= Shang-Jin Wei =

Shang-Jin Wei is the N. T. Wang Professor of Chinese Business and Economy and Professor of Finance and Economics at Columbia Business School. At Columbia University, Wei is also affiliated with the School of International and Public Affairs and the Weatherhead East Asian Institute. His research covers international finance, trade, macroeconomics, and China, and he writes and speaks frequently in the area of U.S.-China economic integration and other international finance and trade issues.

==Education==
Wei received his bachelor's degree from Fudan University and master's from the Pennsylvania State University in 1986 and 1988 respectively. He received an M.S. in business administration (finance) and his Ph.D. in economics from University of California, Berkeley in 1991 and 1992, respectively.

==Career as an economist==
Wei was an associate professor of public policy at Harvard University, the New Century Chair in Trade and International Economics at the Brookings Institution. He was the International Monetary Fund's Chief of Mission to Myanmar in 2004, and later the assistant director of the Research Department and chief of the Trade and Investment Division, and adviser at the World Bank.

In 2007 Wei joined the faculty of Columbia Business School, where he is the director of the Jerome A. Chazen Institute of International Business and the director of the Working Group on the Chinese Economy. He is also Research Associate at the National Bureau of Economic Research and Research Fellow at the Center for Economic Policy Research in Europe.
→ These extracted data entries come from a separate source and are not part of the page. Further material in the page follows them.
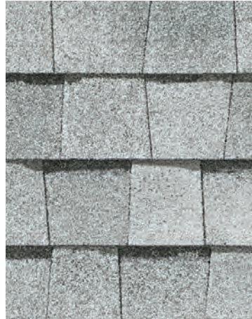
Silver Birch CRRC Product ID 0668-0072
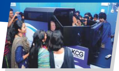
Link Flight Simulator
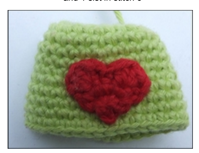
finish: fasten off and sew with the end of yarn the heart on the shirt

4 half double crochet in st 2. 1 slst in st 3, 4 half double crochet in st 5 and 1 slst in stitch 6
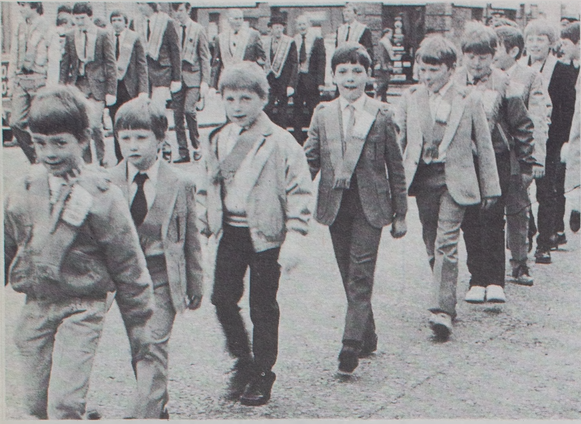
Some of the 400 young Junior Orangemen from various parts of Northern Ireland who attended a service held under the auspices of Portadown Junior District, in St. Mark's Church, Portadown.
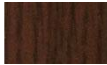
64. D.P. Wenge

*Other colors: according to customer samples, on request
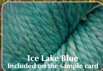
Ice Lake Blue Included on the sample card
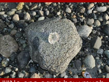
""No one cares how much you know, until they know how much you care" ~Theodore Roosevelt
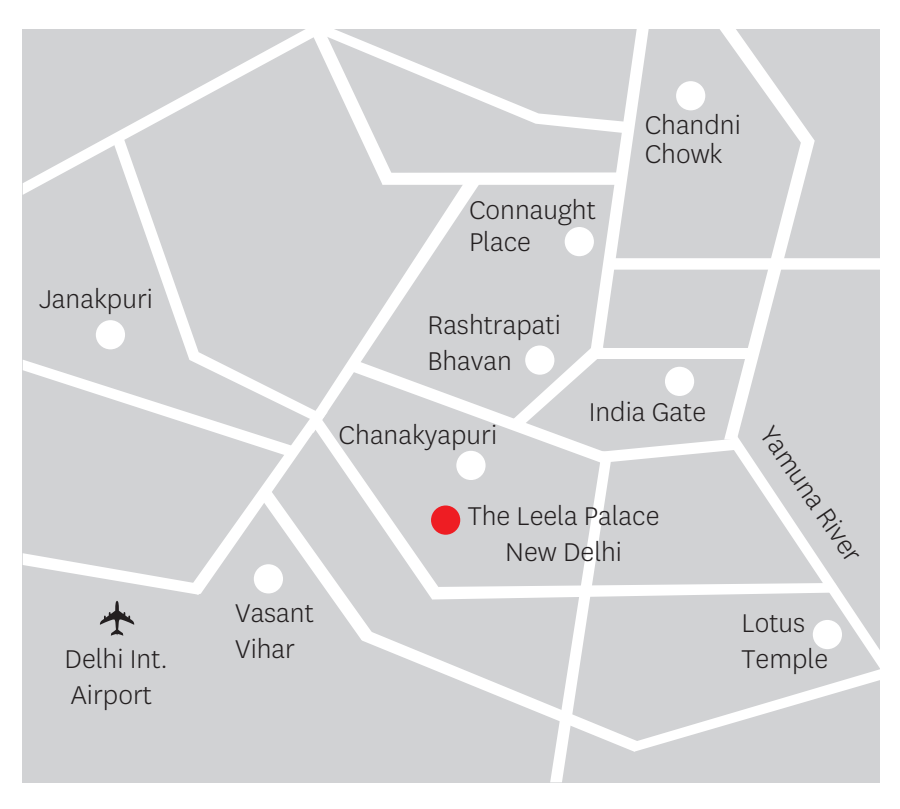
Transportation: International Airport, 15 km, Domestic Airport, 13 km
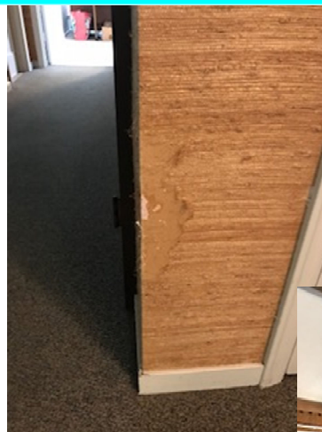
A example of the 60 year old, damaged wallpaper.
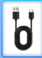
1 x Charging Cable
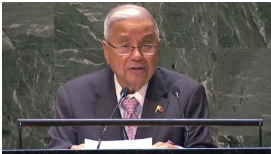
VETO POWER. Philippine Permanent Representative to the United Nations Antonio Lagdameo delivers the country’s statement during the 78th UN General Assembly plenary meeting at the UN headquarters in New York, USA on Nov. 16, 2023. He said the Philippines supports calls for a UN Security Council reform that would address issues with the current veto process which hinders swift actions during crisis.
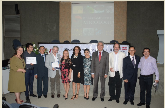
Figure 2: Tribute to various Professors and Staff-Members, involved over the last years in the departmental and collection activities.

Wei has been a consultant to the U.S. Board of Governors of the Federal Reserve System, United Nations Economic Commission on Europe, United Nations Development Program, the Asian Development Bank, and private companies such as PricewaterhouseCoopers.

In 2014, Wei became Chief Economist of the Asian Development Bank.

==Publications==
He has published in the Journal of Political Economy, Quarterly Journal of Economics, The Economic Journal, American Economic Review, The Journal of Finance, Journal of Financial Economics, Review of Financial Studies, Review of Economics and Statistics, Journal of International Economics, European Economic Review, Canadian Journal of Economics, and Journal of Development Economics. He is the author, co-author, or co-editor of China's Evolving Role in the World Trade, with R. Feenstra (University of Chicago Press, 2010); The Globalization of the Chinese Economy, with J. Wen and H. Zhou (Edward Elgar, 2002); Economic Globalization: Finance, Trade and Policy Reforms (Beijing University Press, 2000); and Regional Trading Blocs in the World Economic System, with J. A. Frankel and E. Stein (Peterson Institute for International Economics, 1997). He has been quoted in The New York Times, Los Angeles Times and Wall Street Journal.

==Selected publications==
- Wei, Shang-Jin, and Robert Feenstra (2010). China's Growing Role in World Trade. Chicago: University of Chicago Press.
- Wei, Shang-Jin, Guanzhong James Wen, and Huizhong Zhou, eds. (2002). The Globalization of the Chinese Economy. Cheltenham: Edward Elgar Publishing.